Well this is an easy limit problem, right? What’s the limit of 6 plus h squared as h approaches 0? Well it equals 6. So we now know that the slope of this curve at the point x equals 3 is 6. So if you actually did a traditional rise over run, the slope, this change in y over change in x is 6.

So we have the instantaneous slope at exactly the point x is equal to 3. So that’s useful. You know if this was a graph of someone’s position, we would then know kind of the instantaneous velocity, which is– well I won’t go into that. I’ll do a separate module on physics.

But this was useful, but let’s see if we can do more generalized version where we don’t have to know ahead of time what point we want to find the slope at. If we can get a generalized formula for the slope at any point along the graph f of x is equal to x squared. So let me clear this. So we’re going to stick with f of x is equal to x squared.

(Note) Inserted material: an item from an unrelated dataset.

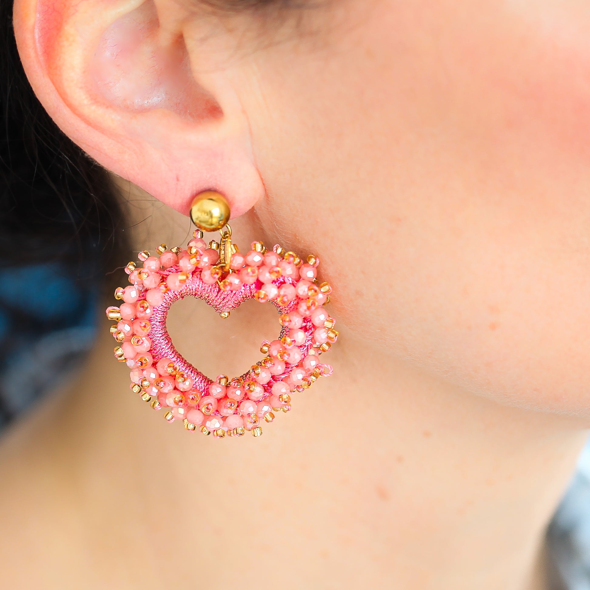 Beschreibung: Statement Ohrstecker in Herzform. Der Herzrahmen ist nach innen mit Textil umwickelt, außen herum ist das Herz mit vielen kleinen facettierten Funkelsteinchen geschmückt. Diese Ohrringe kann man wunderbar zur Jeans mit T-Shirt, aber auch sehr gut auf ein Sommerkleid, zu festlichen Anlässen oder zum Dirndl tragen. Die Ohrstecker sind aus hochwertigen 316L Edelstahl (18K Gold) gefertigt.

And we know that the slope at any point of this is just going to be the limit as h approaches 0 of f of x plus h minus f of access. All of that over h. This part right here, this is just the slope formula that you learned years ago.

It’s just change in y over change in x. And all we’re doing is we’re seeing what happens as the change in x gets smaller and smaller and smaller as it actually approaches 0. And that’s why we can get the instantaneous change at that point in the curve.

So let’s apply this definition of a derivative to this function. And actually if you want to know the notation, I think this is the notation Lagrange came up with. This is equal to f prime of x.

Don’t take my word on it on Lagrange. You might want to look it up on Wikipedia. But this [UNINTELLIGIBLE] derivative of f of x is f prime of x. Let’s apply it to x squared.

So we’re going to say the limit as h approaches 0 of f of x plus h. Well, f of x plus h is just– this pen driving me crazy– x plus h squared. I just took the x plus h and put it into f of x.

Minus f of x–well that’s just x squared– over h. And this is equal to the limit as h approaches 0. Just multiply this out of.

x squared plus 2xh plus h squared minus x squared– running out of space– all of that over h. Let’s simplify this. This x squared cancels out with this minus x squared. And then we can divide the numerator and the denominator by h, and we’re left with the limit as h approaches 0.

Numerator and denominator by h of 2x plus h. Well this is easy. This goes to 0, this is just equal to 2x. So there we have it.

The limit as h approaches 0 is equal to 2x. And this is equal to f prime of x, so the derivative of f of x, which is the denoted by f prime of x is equal to 2x. Well what does it tell us? What have we done for ourselves? Well now I can give you any point along the curve.

Let’s say we want to know the slope at the point 16, right. When at the point 16,256. That’s a point along f of x equals x squared. It’s just 16 and then 16 squared.

What’s the slope at that point? Well we now know the slope is 2 times 16. So the slope is equal to 32. Whatever the x value is you just put into this f prime of x function or the derivative function, and you’ll get the slope at that point.

I think that’s pretty neat and I’ll show you how in future presentations how we can apply this to physics and optimization problems and a whole other set of things. And I’m also going to show you how to find the derivatives for a whole set of other functions. I’ll see in the next presentation.